**Dataset entries**
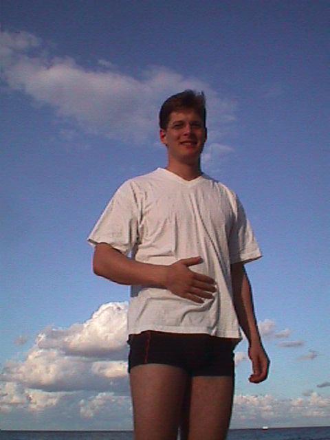 Ich auf Usedom, nach dem Baden, meinen dicken Bauch streichelnd
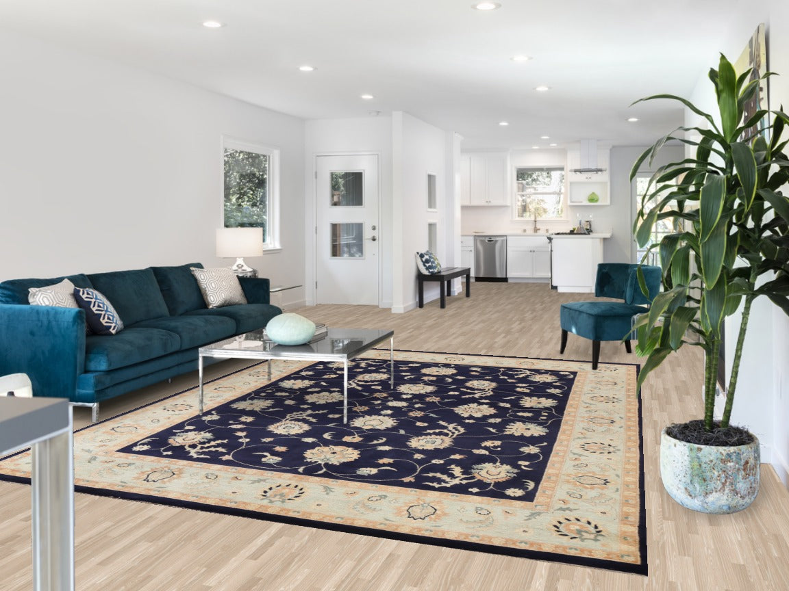 Navy Blue Oushak Chobi Handmade Wool Rug 8x10
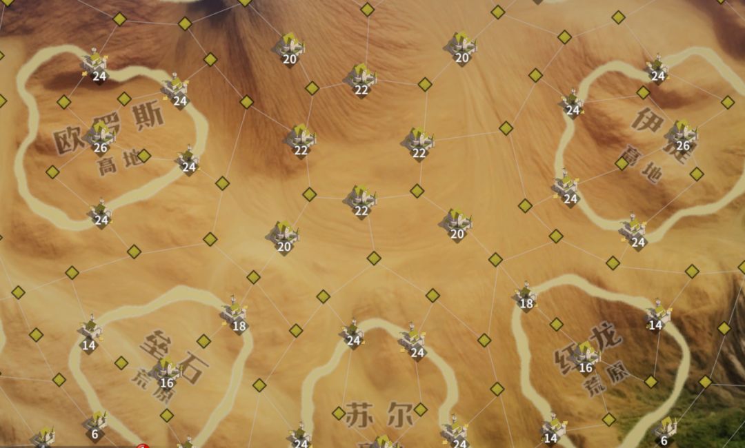 荒原:2级区域,有关隘隔绝,中心为22级城,一共4个。
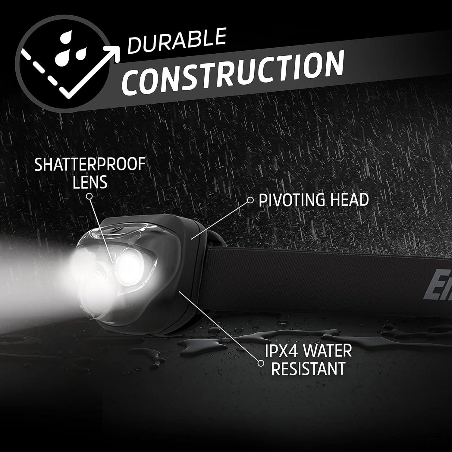 [Headlamp LED Light]: Two (2) Energizer Vision HD + LED Headlamp offers a hands-free, bright LED light with a long runtime for extended use
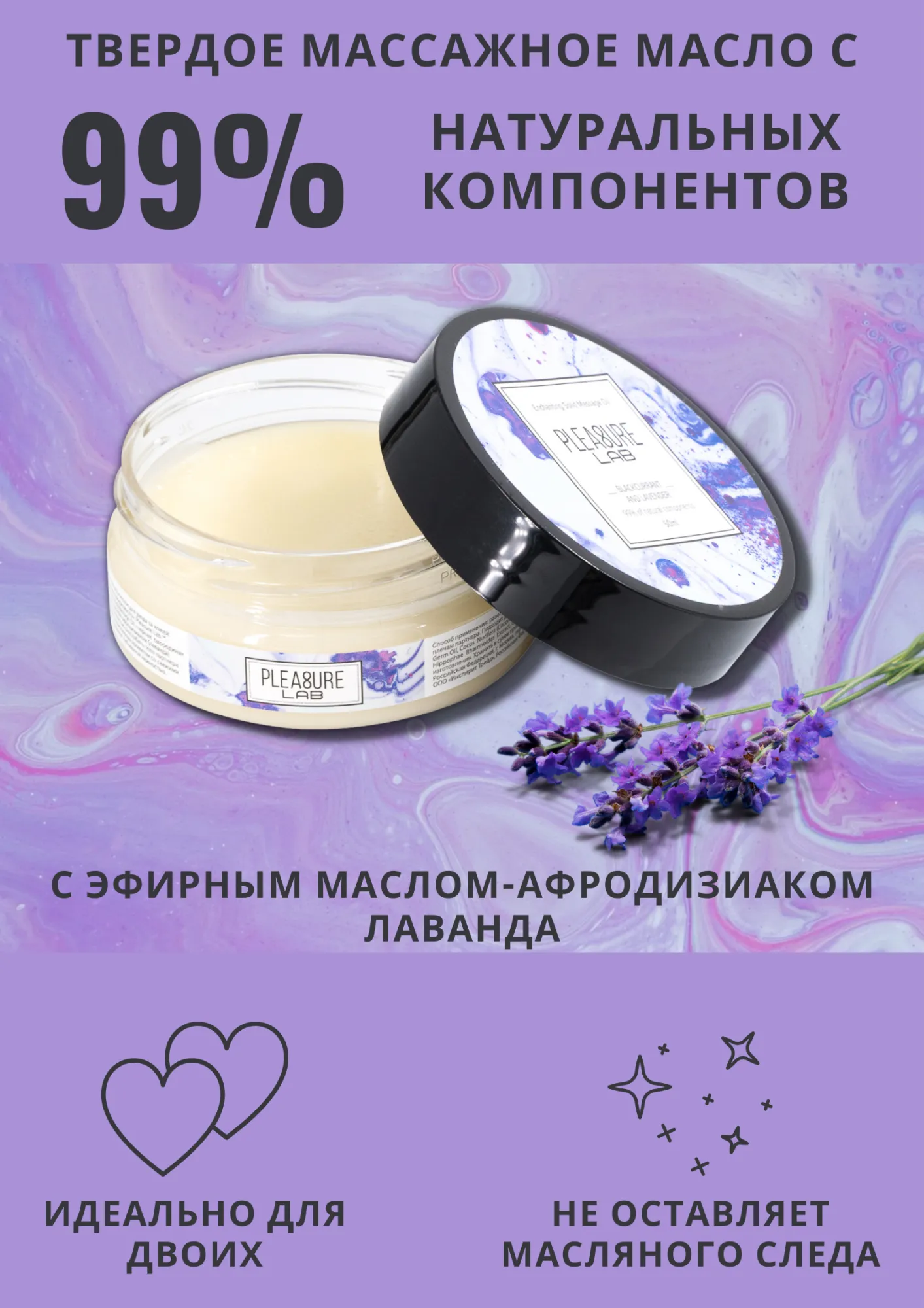 Pleasure Lab Enchanting с ароматом черной смородины и эфирным маслом-афродизиаком лаванда способно полностью расслабить тело партнера и очаровать изысканным ароматом со свежими нотками, одаривая небывалой нежностью. Способ применения: разотрите небольшое количество масла в ладонях и медленно начните продвигаться массирующими движениями от ступней к спине и плечам партнера. Подходит для самомассажа. Состав: масло ши (карите), миндальное масло, масло зародышей пшеницы, масло кокосовое, воск рисовых отрубей, парфюмерная композиция, эфирное масло лаванды, СК-СО2 экстракты (розмарин, лимон, облепиха, календула), натуральный антиоксидант (токоферол (смесь), бета-ситостерол, сквален), витамин Е. Срок годности- 2 года.
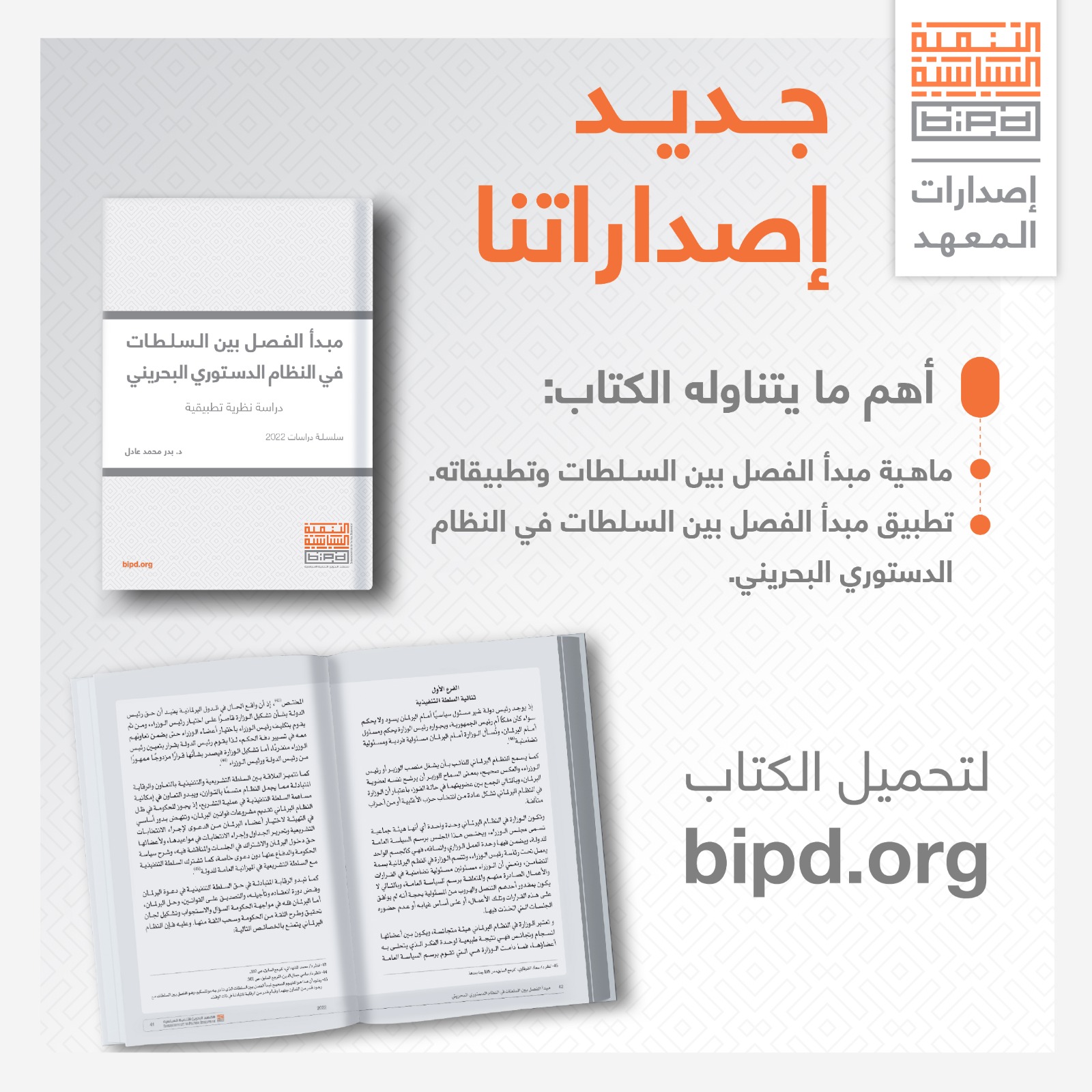 صدر عن معهد البحرين للتنمية السياسية كتاب، بعنوان "مبدأ الفصل بين السلطات في النظام الدستوري البحريني"، ضمن جهود المعهد في تعزيز البحث العلمي والدراسات المتخصصة في مختلف المجالات القانونية والدستورية والتشريعية، والهادفة إلى تعزيز الوعي والمعرفة لدى مختلف فئات المجتمع.

**Brief**
Your answer must be the entries repeated exactly, with no pictures.

**Response box**
 Ich auf Usedom, nach dem Baden, meinen dicken Bauch streichelnd
 Navy Blue Oushak Chobi Handmade Wool Rug 8x10
 荒原:2级区域,有关隘隔绝,中心为22级城,一共4个。
 [Headlamp LED Light]: Two (2) Energizer Vision HD + LED Headlamp offers a hands-free, bright LED light with a long runtime for extended use
 Pleasure Lab Enchanting с ароматом черной смородины и эфирным маслом-афродизиаком лаванда способно полностью расслабить тело партнера и очаровать изысканным ароматом со свежими нотками, одаривая небывалой нежностью. Способ применения: разотрите небольшое количество масла в ладонях и медленно начните продвигаться массирующими движениями от ступней к спине и плечам партнера. Подходит для самомассажа. Состав: масло ши (карите), миндальное масло, масло зародышей пшеницы, масло кокосовое, воск рисовых отрубей, парфюмерная композиция, эфирное масло лаванды, СК-СО2 экстракты (розмарин, лимон, облепиха, календула), натуральный антиоксидант (токоферол (смесь), бета-ситостерол, сквален), витамин Е. Срок годности- 2 года.
 صدر عن معهد البحرين للتنمية السياسية كتاب، بعنوان "مبدأ الفصل بين السلطات في النظام الدستوري البحريني"، ضمن جهود المعهد في تعزيز البحث العلمي والدراسات المتخصصة في مختلف المجالات القانونية والدستورية والتشريعية، والهادفة إلى تعزيز الوعي والمعرفة لدى مختلف فئات المجتمع.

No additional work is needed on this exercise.